What about Phyllis Lyon, Del Martin’s widow, who just months ago made their more than fifty-year relationship completely equal, valued, valid, legitimate, in the eyes of California law? God I hope they had a good lawyer who put all sorts of forms and documents in place. How stupid and fucked up and time consuming and wasteful that Phyllis and Del even had to go through that, to do the research to figure out what rights and privileges, precisely, they were being denied because they couldn’t get married, and pay a lawyer to draw up the corresponding papers, and enter into a legal agreement with each other.

[It reminds me of If These Walls Could Talk 2, the first segment, with Vanessa Redgrave. Watch it, if you haven’t seen it. I guarantee it will break your heart, but kind of in a good way.]

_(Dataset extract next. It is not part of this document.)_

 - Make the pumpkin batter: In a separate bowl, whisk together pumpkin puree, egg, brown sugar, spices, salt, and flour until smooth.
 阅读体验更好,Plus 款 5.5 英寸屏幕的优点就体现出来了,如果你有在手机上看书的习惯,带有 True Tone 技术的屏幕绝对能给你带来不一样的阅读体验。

I want to go back and study the history of interracial marriage – also called miscegenation, which is a great word I don’t know if I knew until today – and see how it was finally overturned. Was it state-by-state? So-called “activist judges?” Did this country watch as, one at a time, states added their own constitutional amendments banning interracial marriage? Were there Mayors who were radical enough to marry interracial couples anyway? How did it finally get overturned? I’ve never been much of a historian, really, I’m much more interested in what’s happening right now, in front of me, how this current system works – and of course it’s important to know where we came from to know how the current system works, but still, I didn’t understand history until I started studying the history of my people, the queers and gender-variants and radicals and revolutionaries.

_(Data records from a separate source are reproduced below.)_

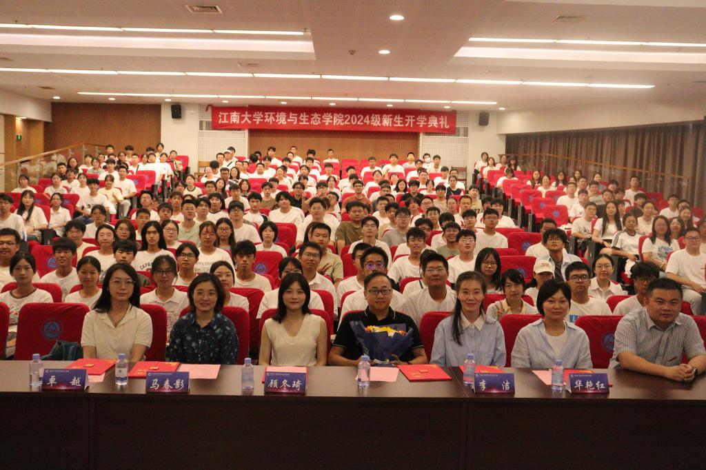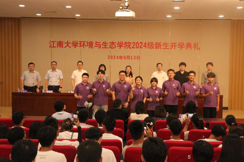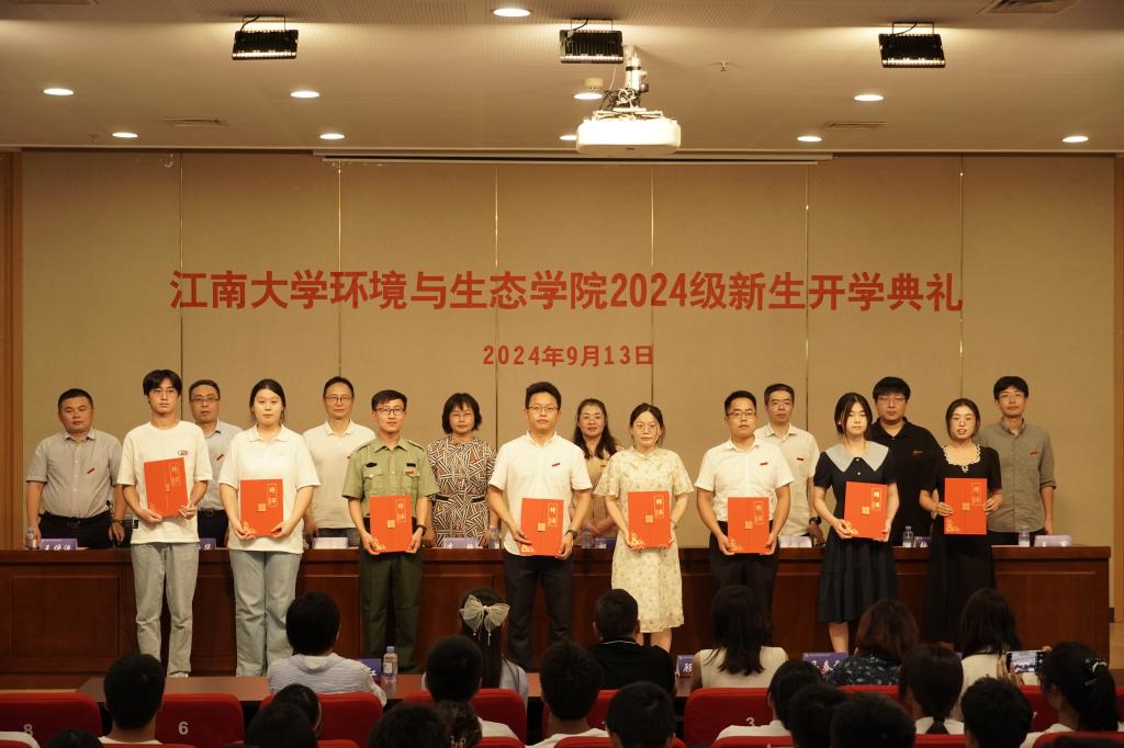 党委书记李艳,副院长邹华、缪恒锋、王新华,环境科学系副主任张程,环境工程系副主任王寒,教师代表王传洗,2024级新生班主任、辅导员、副班主任以及全体2024级本硕博新生出席典礼。典礼由党委副书记兼副院长胡娟主持。
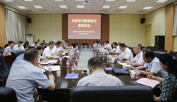 6月28日上午,学校党史学习教育研讨暨推进会在雁塔校区会议中心第一会议室召开。会议对学校党史学习教育开展情况作了阶段性总结,研讨交流了工作进展及“我为师生办实事”实践活动的有效做法、特色亮点及具体成效,对全校党史学习教育进行了再部署、再动员。校党委书记、学校党史学习教育领导小组组长赛云秀主持会议,学校党史学习教育领导小组成员及办公室各工作组组长,院(系)级单位党组织书记参加会议。
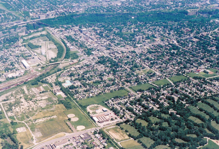 Aerial View of the CNR Railyards and Niagara Falls, Ontario
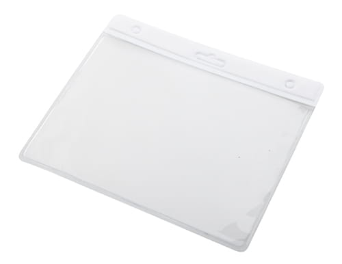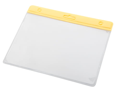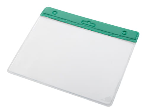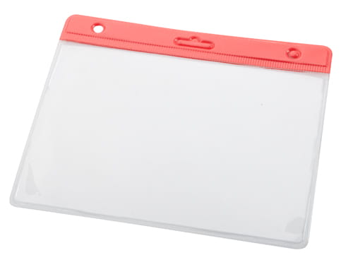 Transparentne etui na przepustki z PVC z kolorowym nagłówkiem.
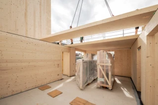 Im Rahmen der Planung zweier Holzhochhäuser in Wolfsburg haben wir zwei Forschungsprojekte auf den Weg gebracht. Derzeit untersuchen wir über die Deutsche Bundesstiftung Umwelt (DBU) zusammen mit ee concept, CAALA und dem Natural Building Lab der TU Berlin, wie eine regenerative Energieversorgung, kreislauffähige Konstruktionsweisen und planungsbegleitende Ökobilanzierung im Gebäudebereich möglich sind.
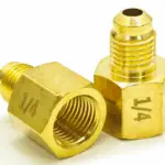 Universaladapter aus Messing zur Verbindung eines Stickstoff-Druckminderers mit einem 1/4″ SAE Kältemittelschlauch.
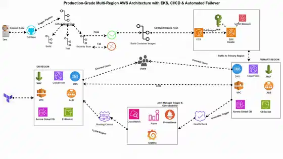 I designed a production-grade multi-region AWS architecture to demonstrate how cloud-native platforms achieve high availability, safe deployments, and resilient disaster recovery using Kubernetes and DevOps best practices. ๐๐ฒ๐ ๐๐ถ๐ด๐ต๐น๐ถ๐ด๐ต๐๐: โข Automated CI/CD pipelines pushing images to Amazon ECR โข Canary deployments with automated rollback on EKS โข Multi-region EKS (Active + Warm Standby) โข Route…
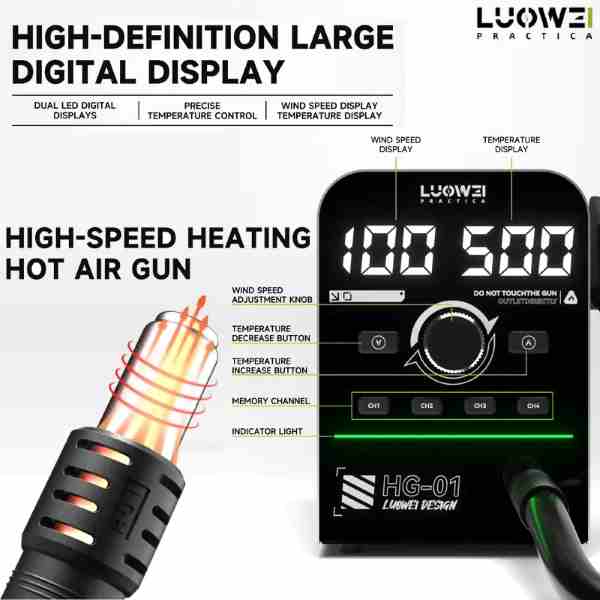 Luowei HG-01 SMD Digital Display Hot Air Gun 800W SMD Rework Station BGA Rework Desoldering Station

But still, I don’t have a firm grasp on this particular American activist history, and I want to know how it worked before, because I want it to work again. Because maybe after I know one storyline’s success, I’ll be comforted. Because I’ll remember that it took hundreds of years to gain that particular right to marry, and then I’ll remember that this fight is young, that, despite our headway, there is much farther to go.

I know there is much to celebrate. Perhaps I am taking Obama’s win too much for granted. I know I have a particularly “biased” perspective because I grew up with activist parents in liberal communities; I spend my times in progressive activist circles and queer communities in big cities. There is a piece of me that is saying, “of course Obama was elected, how could it possibly be any other way?” But I said that about Gore and Kerry too, despite that Gore did win the popular vote (don’t get me started) and I’ve seen cardboard cutouts of people that have more personality than Kerry.

Clearly I don’t have a very good grasp on the reality of this country. On how conservative Republicans are capable of organizing people to vote against their own best interest in the name of “values.”

I’ve seen some posts around today already that say having Obama in office we are poised for a Federal lift on the ban on gay marriage, but honestly I don’t know if I believe that. Of course I’d like to think so, sure, but then there’s DOMA, and “37 states have their own Defense of Marriage Acts [and] … 27 states have constitutional amendments.” (source.)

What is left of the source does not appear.